> [Your task] Set down, word for word, each line from the top of the data through the line that has "informou o TJAM."; omit every picture.

> [Task data]
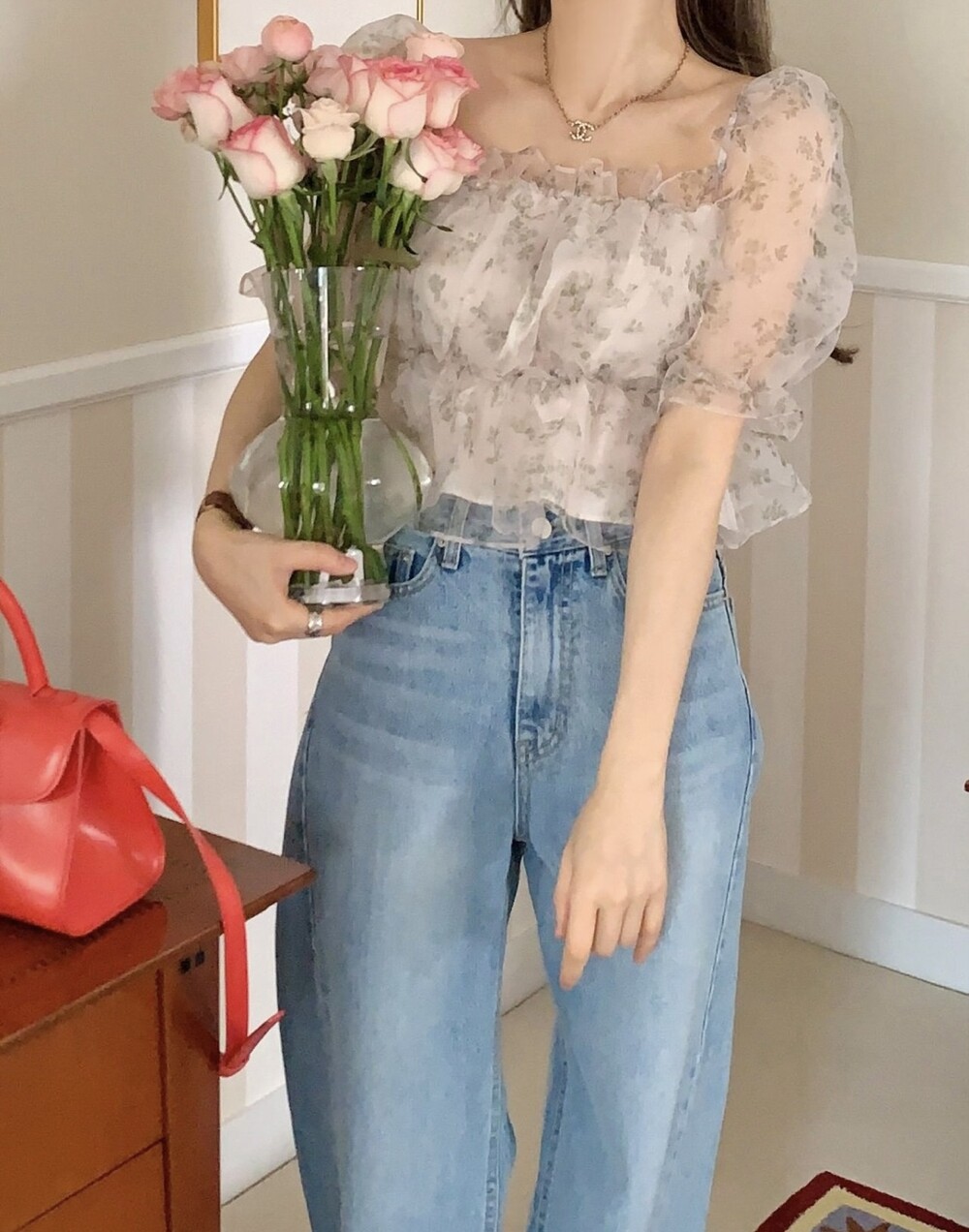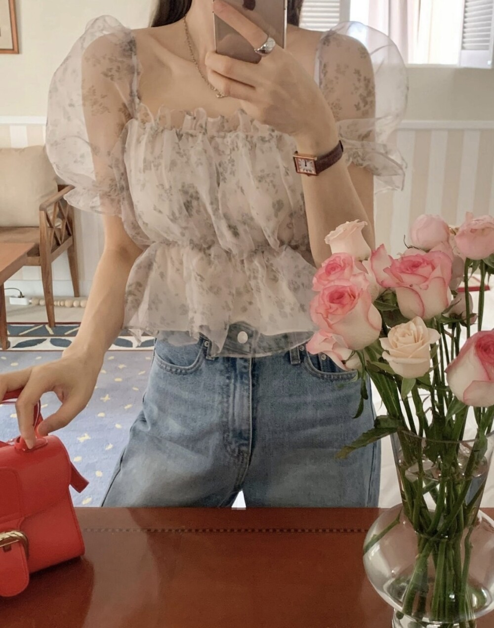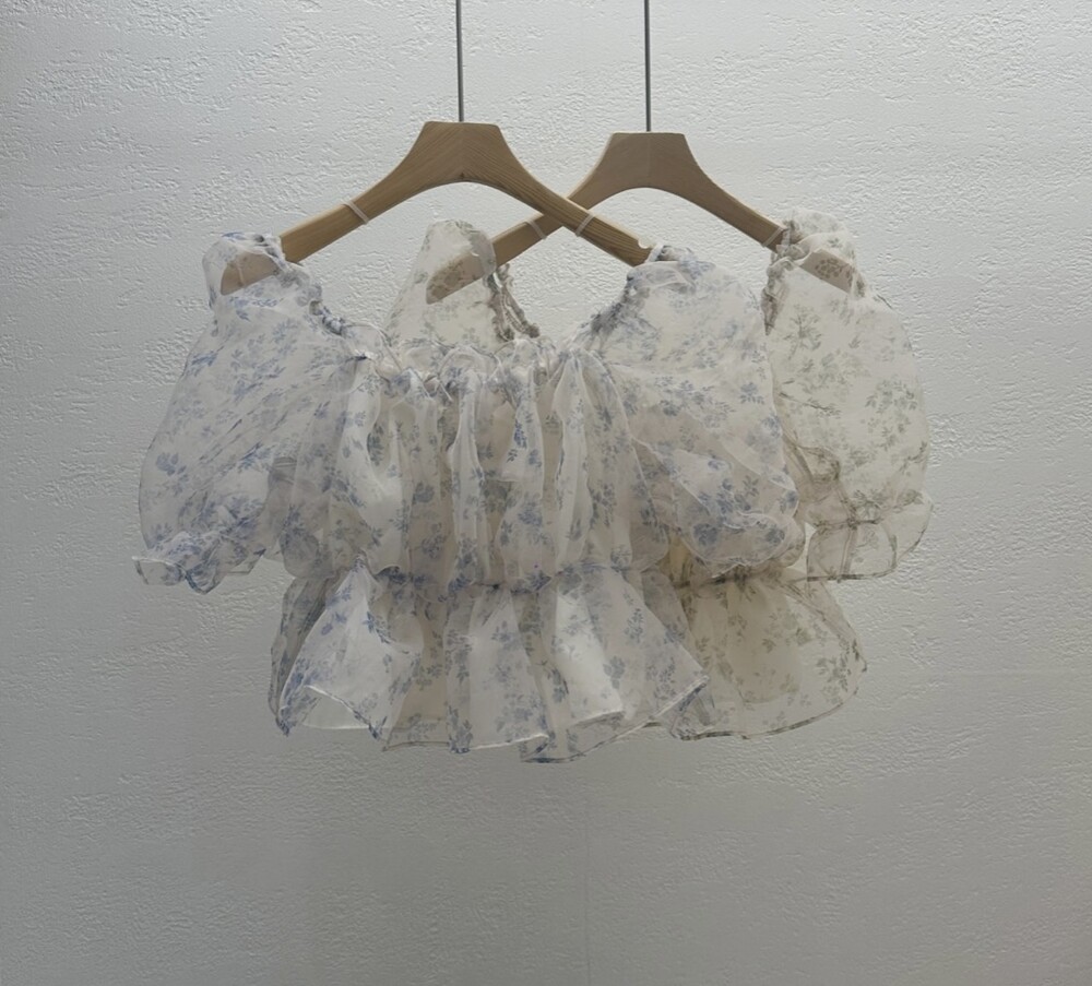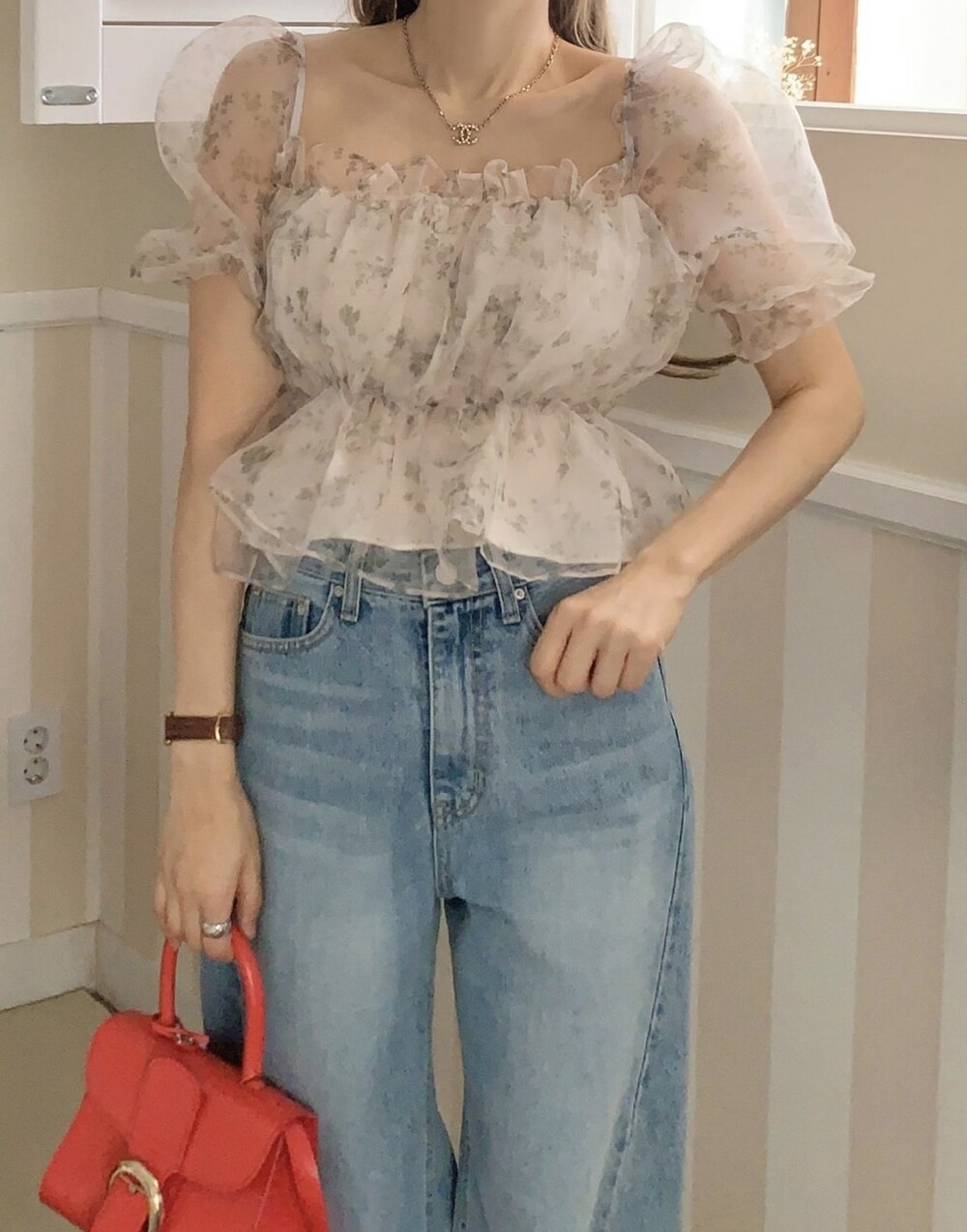 플라워 꽃 나염 노방 오간자 셔링 반팔 퍼프 소매 숏 플레어 블라우스 (데이트룩 나들이룩 여행코디)
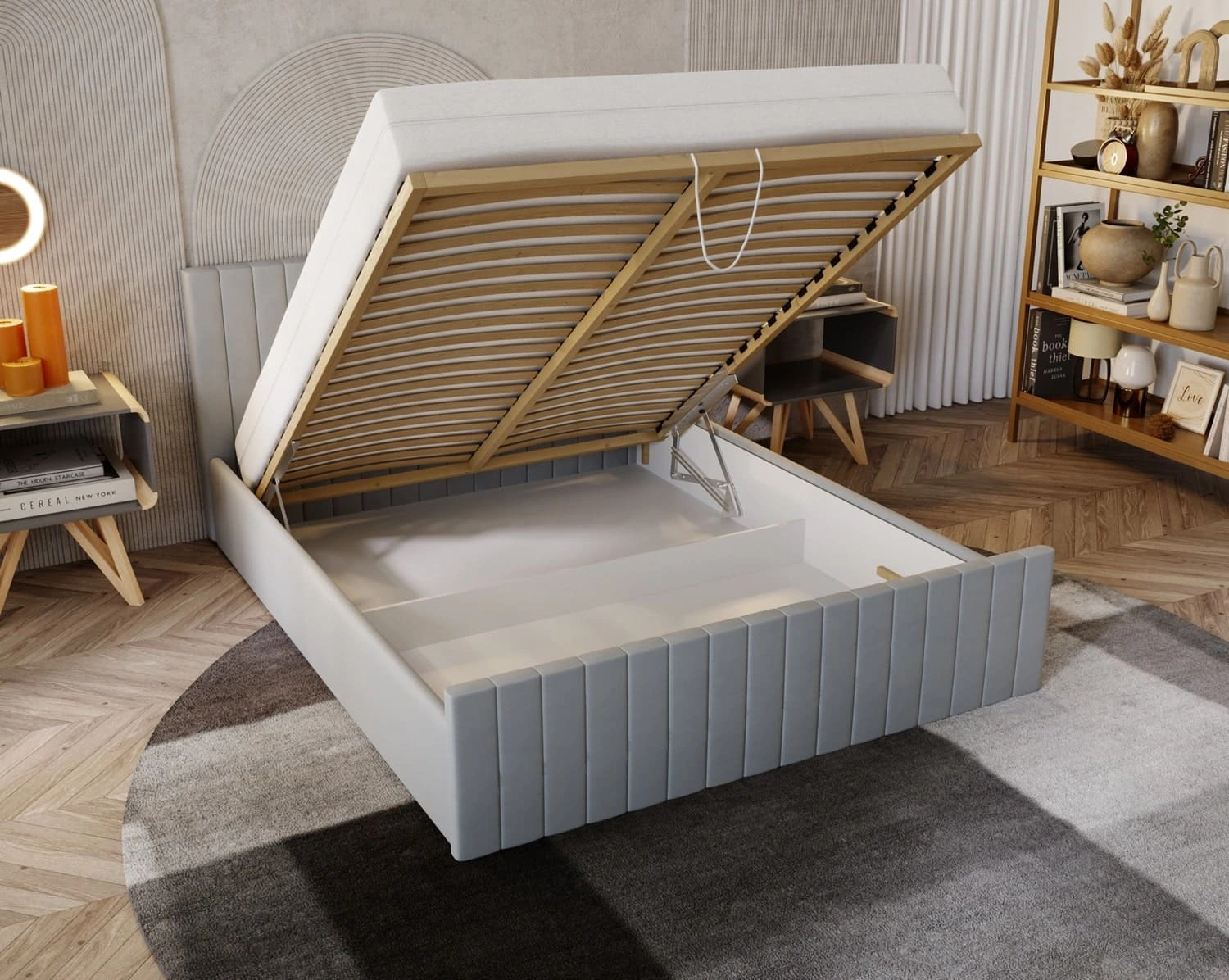Standardowym wyposażeniem łóżka jest stabilny metalowy stelaż z listwami elastycznymi. Zagęszczenie bukowych listew gwarantuje odpowiednie podparcie materaca i jego właściwe użytkowanie. Zastosowane surowce oraz solidna budowa stelaża, umożliwiają uzyskanie pełnej satysfakcji ze snu na wybranym materacu. Stelaż pod materac został wyposażony w siłowniki gazowe, co ułatwia podnoszenie.
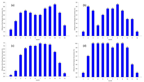 Monthly variation characteristics of effective wind speeds occurrence at the Antarctic stations. (a–d) refer to Great Wall Station, Zhongshan Station, Kunlun Station and Mount Taishan Station, respectively.
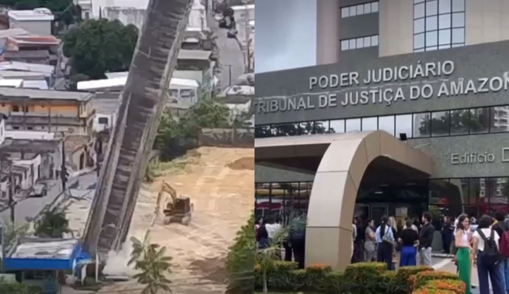 “O impacto foi causado pela derrubada de uma estrutura de concreto armado em uma propriedade próxima. A estrutura do edifício permanece segura”, informou o TJAM.
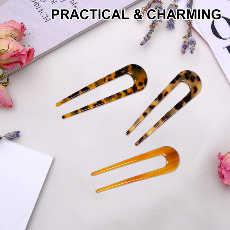 U-shaped hair pins, French style hair pin stick, U-shaped hair clips, hairpin fork sticks, hairstyle chignon pins, U-shaped hair pins, hair clip turtle shell, 3 pieces
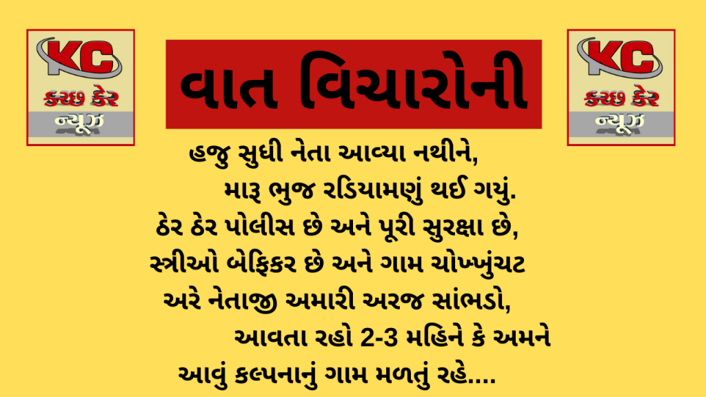 Gujarat વાત વિચારની 5 years ago Kutch Care News Continue Reading Previous રાજકોટ-ગોંડલ હાઇવે પર કિસાન પમ્પની પાસે અચાનક ગેસની પાઇપલાઇનમાં લાગી આગNext અમદાવાદમાં લાગી ફરી આગ, કઠવાડાની કેમિકલ ફેક્ટરીમાં આગ લગતા 10 ફાયર ફાઇટર ઘટનાસ્થળે આવી પહોંચ્યા More Stories Breaking News Gujarat India Kutch નોકરીની શોધમાં ઘરેથી નીકળેલી ત્રણ સગીરાઓ દિલ્હીથી હેમખેમ મળી,પોલીસે કરાવ્યું પરિવાર સાથે મિલન 7 hours ago Kutch Care News Breaking News Gujarat India Kutch PM મોદીનો મલેશિયા પ્રવાસ:”વિશ્વ ભારતને ભરોસાપાત્ર ભાગીદાર તરીકે જોઈ રહ્યું છે” 8 hours ago Kutch Care News Breaking News Gujarat Kutch પ્રાઇવેટ ટ્યુશન ક્લાસમાં વિદ્યાર્થીઓની સુરક્ષા માટે સરકાર અને તંત્ર કડક 9 hours ago Kutch Care News
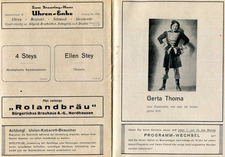 Germany Entertainment Nordhausen Union Kabarett Program 1941 Front

> [Result of this task]
 플라워 꽃 나염 노방 오간자 셔링 반팔 퍼프 소매 숏 플레어 블라우스 (데이트룩 나들이룩 여행코디)
Standardowym wyposażeniem łóżka jest stabilny metalowy stelaż z listwami elastycznymi. Zagęszczenie bukowych listew gwarantuje odpowiednie podparcie materaca i jego właściwe użytkowanie. Zastosowane surowce oraz solidna budowa stelaża, umożliwiają uzyskanie pełnej satysfakcji ze snu na wybranym materacu. Stelaż pod materac został wyposażony w siłowniki gazowe, co ułatwia podnoszenie.
 Monthly variation characteristics of effective wind speeds occurrence at the Antarctic stations. (a–d) refer to Great Wall Station, Zhongshan Station, Kunlun Station and Mount Taishan Station, respectively.
 “O impacto foi causado pela derrubada de uma estrutura de concreto armado em uma propriedade próxima. A estrutura do edifício permanece segura”, informou o TJAM.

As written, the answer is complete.